Start of DATA BELOW

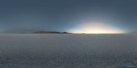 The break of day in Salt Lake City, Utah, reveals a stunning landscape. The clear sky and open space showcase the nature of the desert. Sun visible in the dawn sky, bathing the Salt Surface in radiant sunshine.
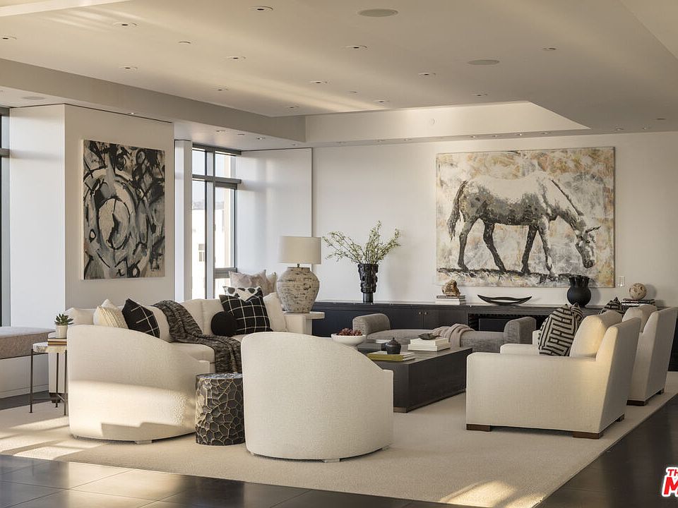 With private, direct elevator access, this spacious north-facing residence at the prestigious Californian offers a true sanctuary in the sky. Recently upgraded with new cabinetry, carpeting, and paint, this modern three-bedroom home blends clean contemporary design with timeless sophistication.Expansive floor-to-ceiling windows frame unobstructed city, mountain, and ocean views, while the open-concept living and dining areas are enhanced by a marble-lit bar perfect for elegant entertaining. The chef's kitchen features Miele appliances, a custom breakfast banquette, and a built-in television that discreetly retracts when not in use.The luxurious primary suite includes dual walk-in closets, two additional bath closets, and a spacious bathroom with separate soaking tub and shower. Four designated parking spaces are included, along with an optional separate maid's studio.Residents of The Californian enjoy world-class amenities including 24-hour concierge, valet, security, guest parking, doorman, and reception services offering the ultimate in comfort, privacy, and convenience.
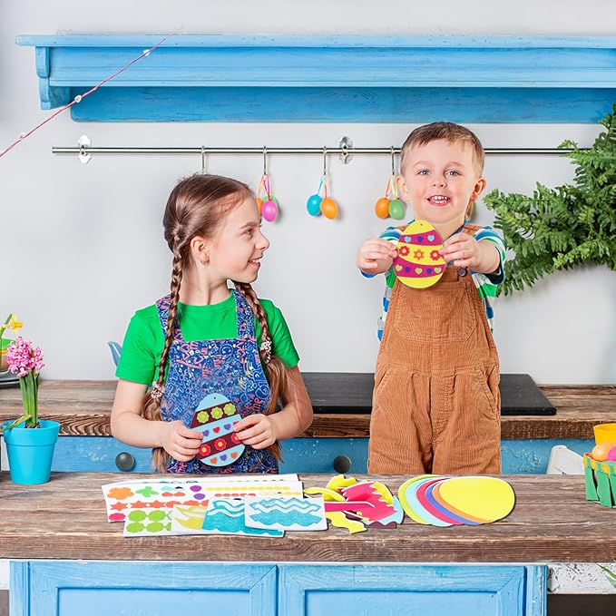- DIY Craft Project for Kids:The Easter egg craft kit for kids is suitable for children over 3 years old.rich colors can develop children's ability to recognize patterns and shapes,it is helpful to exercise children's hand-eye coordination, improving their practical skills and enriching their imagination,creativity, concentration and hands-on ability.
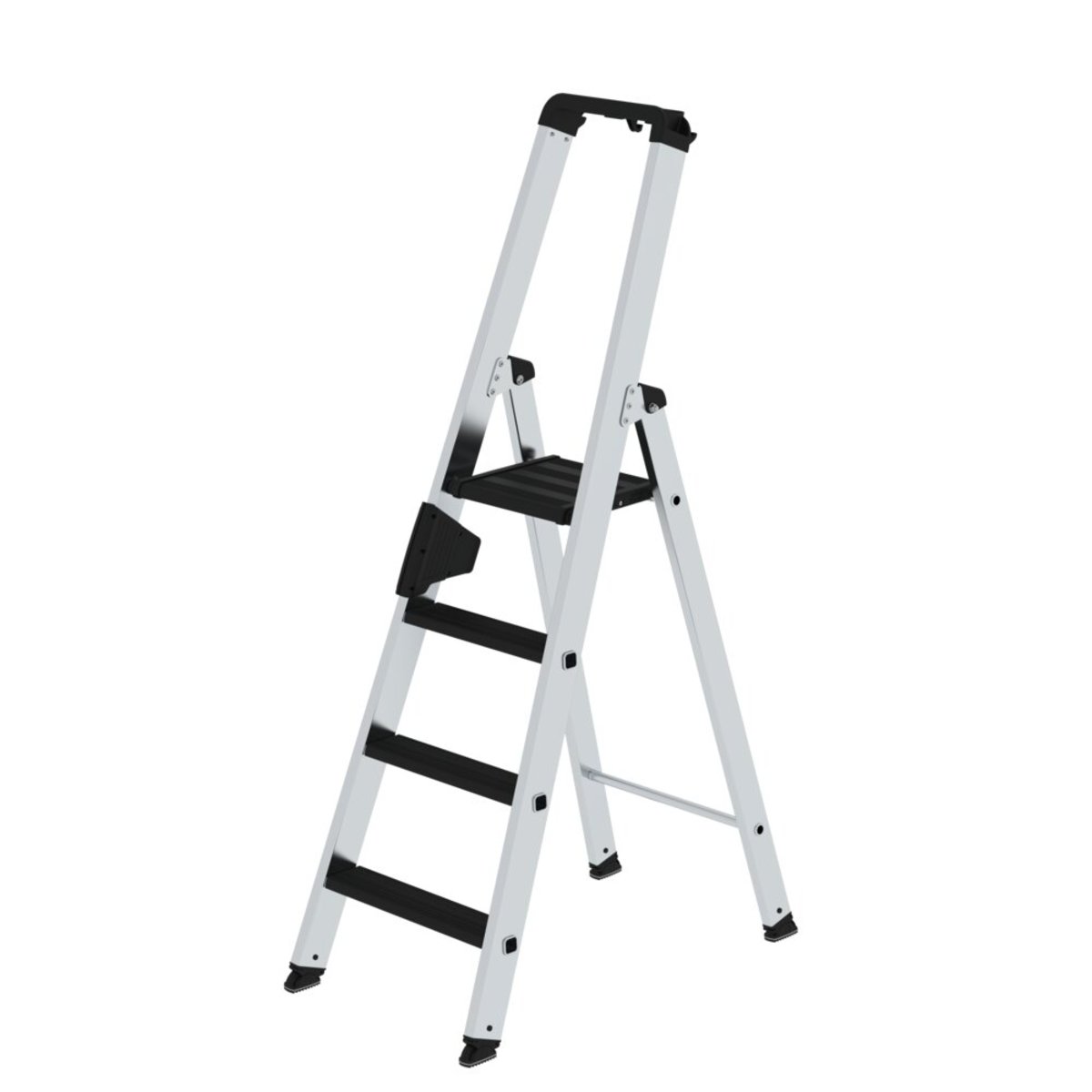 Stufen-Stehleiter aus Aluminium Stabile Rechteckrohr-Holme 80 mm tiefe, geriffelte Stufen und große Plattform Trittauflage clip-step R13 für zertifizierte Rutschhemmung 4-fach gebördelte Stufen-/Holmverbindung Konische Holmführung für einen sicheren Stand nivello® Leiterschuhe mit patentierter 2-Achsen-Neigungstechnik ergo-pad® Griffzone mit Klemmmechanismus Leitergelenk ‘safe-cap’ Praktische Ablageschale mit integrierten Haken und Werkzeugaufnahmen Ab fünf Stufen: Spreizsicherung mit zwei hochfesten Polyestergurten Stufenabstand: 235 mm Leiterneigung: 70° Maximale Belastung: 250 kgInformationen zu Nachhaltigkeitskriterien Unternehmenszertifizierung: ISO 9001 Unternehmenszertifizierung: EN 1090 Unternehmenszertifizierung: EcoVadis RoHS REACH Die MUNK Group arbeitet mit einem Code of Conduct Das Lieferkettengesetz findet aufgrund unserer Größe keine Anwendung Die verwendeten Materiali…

End of DATA BELOW

▶ _EXERCISE DIRECTIONS_
Give again, word for word, the lines above from the one with "- DIY Craft" through the final line of the data, both ends included. Do not copy any picture.

▶ _EXERCISE SOLUTION_
- DIY Craft Project for Kids:The Easter egg craft kit for kids is suitable for children over 3 years old.rich colors can develop children's ability to recognize patterns and shapes,it is helpful to exercise children's hand-eye coordination, improving their practical skills and enriching their imagination,creativity, concentration and hands-on ability.
 Stufen-Stehleiter aus Aluminium Stabile Rechteckrohr-Holme 80 mm tiefe, geriffelte Stufen und große Plattform Trittauflage clip-step R13 für zertifizierte Rutschhemmung 4-fach gebördelte Stufen-/Holmverbindung Konische Holmführung für einen sicheren Stand nivello® Leiterschuhe mit patentierter 2-Achsen-Neigungstechnik ergo-pad® Griffzone mit Klemmmechanismus Leitergelenk ‘safe-cap’ Praktische Ablageschale mit integrierten Haken und Werkzeugaufnahmen Ab fünf Stufen: Spreizsicherung mit zwei hochfesten Polyestergurten Stufenabstand: 235 mm Leiterneigung: 70° Maximale Belastung: 250 kgInformationen zu Nachhaltigkeitskriterien Unternehmenszertifizierung: ISO 9001 Unternehmenszertifizierung: EN 1090 Unternehmenszertifizierung: EcoVadis RoHS REACH Die MUNK Group arbeitet mit einem Code of Conduct Das Lieferkettengesetz findet aufgrund unserer Größe keine Anwendung Die verwendeten Materiali…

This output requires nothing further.